PLATYE — Washington, DC – Pemerintah Amerika Serikat (AS) pada Jumat (11/7/2025) mengumumkan sanksi terhadap Presiden Kuba Miguel Diaz-Canel Bermudez dan sejumlah pejabat tinggi lainnya karena pelanggaran hak asasi manusia (HAM).
Pengumuman ini disampaikan bertepatan dengan peringatan demonstrasi terbesar di Kuba dalam beberapa dekade terakhir.
Menteri Luar Negeri AS Marco Rubio mengatakan di platform media sosial X bahwa Kementerian Luar Negeri AS juga akan memberlakukan pembatasan visa terhadap pejabat peradilan dan penjara Kuba yang “bertanggung jawab atas atau terlibat dalam penahanan dan penyiksaan yang tidak adil terhadap para pengunjuk rasa Juli 2021.”
Demonstrasi yang berlangsung pada 11 dan 12 Juli 2021 itu muncul secara spontan, bukan dipimpin oleh kelompok oposisi, dan menyoroti parahnya krisis ekonomi di Kuba.
“AS akan terus membela HAM dan kebebasan fundamental rakyat Kuba, serta menegaskan bahwa tidak ada rezim yang tidak sah dan diktator yang diterima di kawasan kita,” kata Rubio dalam pernyataannya seperti dilansir AP.
Sikap Keras AS dan Kecaman Kuba
Pemerintahan Donald Trump mengambil sikap yang lebih keras terhadap pemerintah Kuba dibandingkan pemerintahan Joe Biden.

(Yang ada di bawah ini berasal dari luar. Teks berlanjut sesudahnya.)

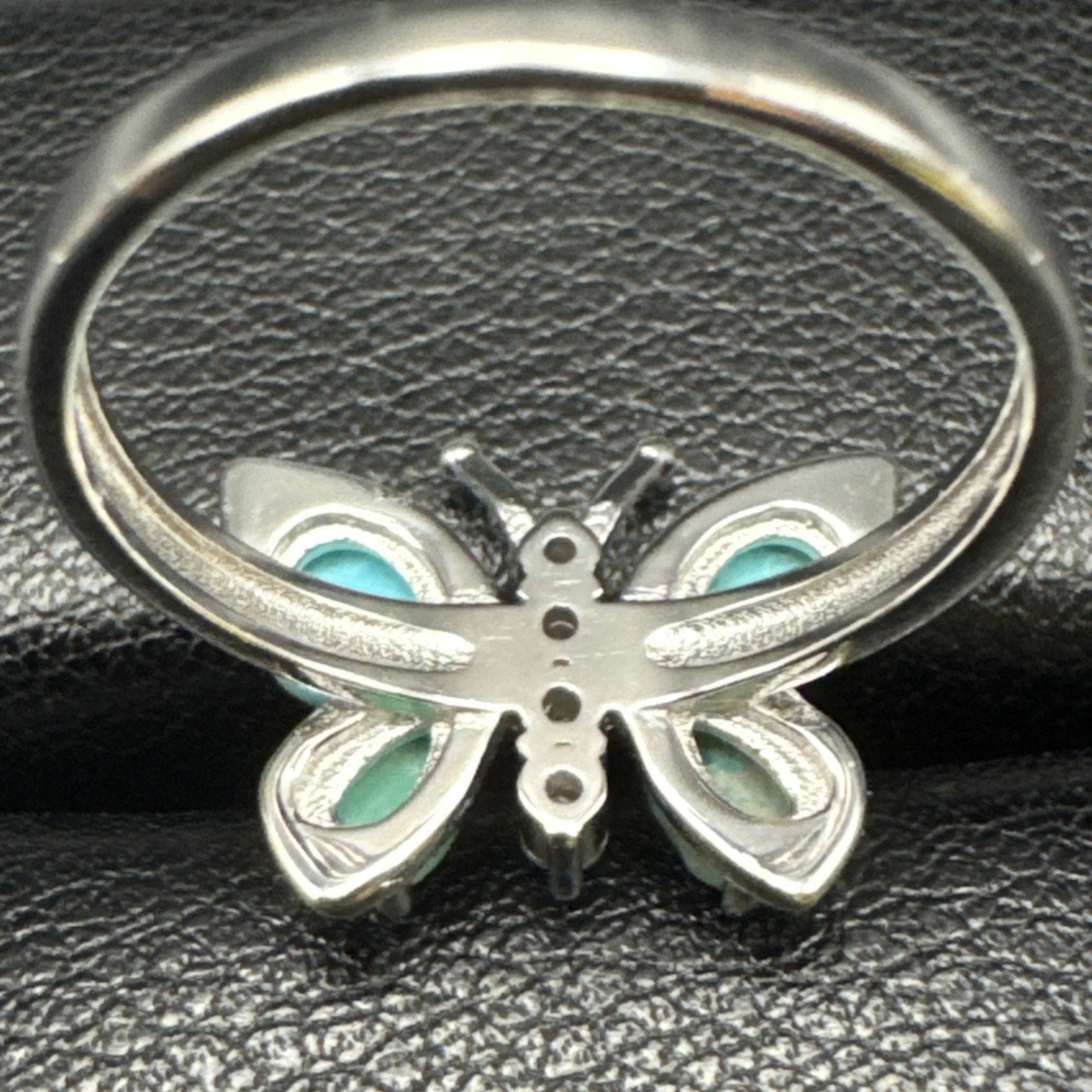 New Condition Sterling Silver Turquoise Butterfly Cz Ring Size 7

Selain Diaz-Canel, AS juga menjatuhkan sanksi terhadap Menteri Pertahanan Kuba Alvaro Lopez Miera dan Menteri Dalam Negeri Kuba Lazaro Alvarez Casas.
Tidak lama setelah pengumuman, Wakil Direktur Departemen Urusan AS di Kementerian Luar Negeri Kuba Johana Tablada mengecam Rubio dan menyebutnya sebagai “pembela genosida, sistem penahanan sewenang-wenang, dan deportasi massal”.

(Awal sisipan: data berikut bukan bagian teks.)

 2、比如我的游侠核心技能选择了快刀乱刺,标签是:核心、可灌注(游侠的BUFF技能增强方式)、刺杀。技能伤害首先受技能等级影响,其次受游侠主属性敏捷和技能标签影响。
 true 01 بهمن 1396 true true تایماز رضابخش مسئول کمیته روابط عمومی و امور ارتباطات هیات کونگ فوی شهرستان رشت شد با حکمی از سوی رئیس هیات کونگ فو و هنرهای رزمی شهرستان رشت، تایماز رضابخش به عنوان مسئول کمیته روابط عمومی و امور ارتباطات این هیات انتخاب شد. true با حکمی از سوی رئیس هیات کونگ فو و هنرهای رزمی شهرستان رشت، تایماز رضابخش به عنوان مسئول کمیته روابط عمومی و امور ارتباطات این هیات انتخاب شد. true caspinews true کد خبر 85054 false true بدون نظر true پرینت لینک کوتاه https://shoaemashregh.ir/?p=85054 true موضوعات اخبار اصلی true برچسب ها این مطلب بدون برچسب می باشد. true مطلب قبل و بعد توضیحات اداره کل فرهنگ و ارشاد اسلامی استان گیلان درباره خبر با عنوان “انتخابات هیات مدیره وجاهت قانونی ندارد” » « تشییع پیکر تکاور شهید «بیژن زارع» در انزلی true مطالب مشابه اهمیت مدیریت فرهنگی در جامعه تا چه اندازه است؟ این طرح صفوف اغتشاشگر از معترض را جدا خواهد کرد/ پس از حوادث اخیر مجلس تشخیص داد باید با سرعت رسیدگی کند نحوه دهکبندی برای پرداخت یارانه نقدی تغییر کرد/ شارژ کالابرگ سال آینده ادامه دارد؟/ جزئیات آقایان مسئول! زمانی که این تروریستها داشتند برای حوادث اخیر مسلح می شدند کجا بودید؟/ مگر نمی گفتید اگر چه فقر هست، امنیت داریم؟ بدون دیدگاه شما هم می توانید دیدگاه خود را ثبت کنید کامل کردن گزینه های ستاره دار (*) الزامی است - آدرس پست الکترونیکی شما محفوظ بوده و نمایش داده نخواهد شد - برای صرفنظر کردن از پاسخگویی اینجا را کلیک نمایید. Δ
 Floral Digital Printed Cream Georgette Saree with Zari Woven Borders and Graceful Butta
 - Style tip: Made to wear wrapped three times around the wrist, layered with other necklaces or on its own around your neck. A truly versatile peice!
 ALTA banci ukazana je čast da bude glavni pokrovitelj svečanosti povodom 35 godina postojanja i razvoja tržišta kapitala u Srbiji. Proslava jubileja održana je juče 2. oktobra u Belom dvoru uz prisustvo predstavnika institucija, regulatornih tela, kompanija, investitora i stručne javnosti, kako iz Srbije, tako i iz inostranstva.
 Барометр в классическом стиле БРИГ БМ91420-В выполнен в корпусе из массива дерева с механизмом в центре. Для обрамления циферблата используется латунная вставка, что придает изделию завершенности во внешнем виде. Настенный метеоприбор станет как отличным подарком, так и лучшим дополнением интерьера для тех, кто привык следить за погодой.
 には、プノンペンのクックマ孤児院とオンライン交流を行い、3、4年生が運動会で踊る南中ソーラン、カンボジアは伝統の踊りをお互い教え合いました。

Demonstrasi pada 2021 dipicu oleh pemadaman listrik berulang di Havana dan sejumlah kota lainnya. Satu orang tewas dan beberapa aksi unjuk rasa berujung pada tindakan vandalisme.
Kelompok-kelompok pendukung pemerintah bersama aparat turut merespons aksi tersebut dengan melakukan penindakan. Kelompok-kelompok hak asasi manusia memperkirakan lebih dari 1.000 orang ditangkap, meskipun pemerintah tidak mengeluarkan angka resmi.
Saat itu, pemerintah Kuba menyatakan bahwa aksi-aksi tersebut merupakan hasil dari kampanye media AS dan dampak sanksi ekonomi AS yang telah berlangsung selama puluhan tahun.
Pada 2022, jaksa Kuba menyebut sekitar 790 orang diselidiki atas tindakan yang berkaitan dengan demonstrasi, mulai dari mengganggu ketertiban hingga sabotase dan vandalisme.
Kelompok advokasi 11J, yang namanya merujuk pada tanggal demonstrasi tersebut, menyatakan pada akhir tahun lalu bahwa terdapat 554 orang yang sedang menjalani hukuman penjara terkait aksi protes tersebut. Namun, beberapa di antaranya dibebaskan bersyarat pada Januari lalu setelah adanya seruan dari Paus Fransiskus.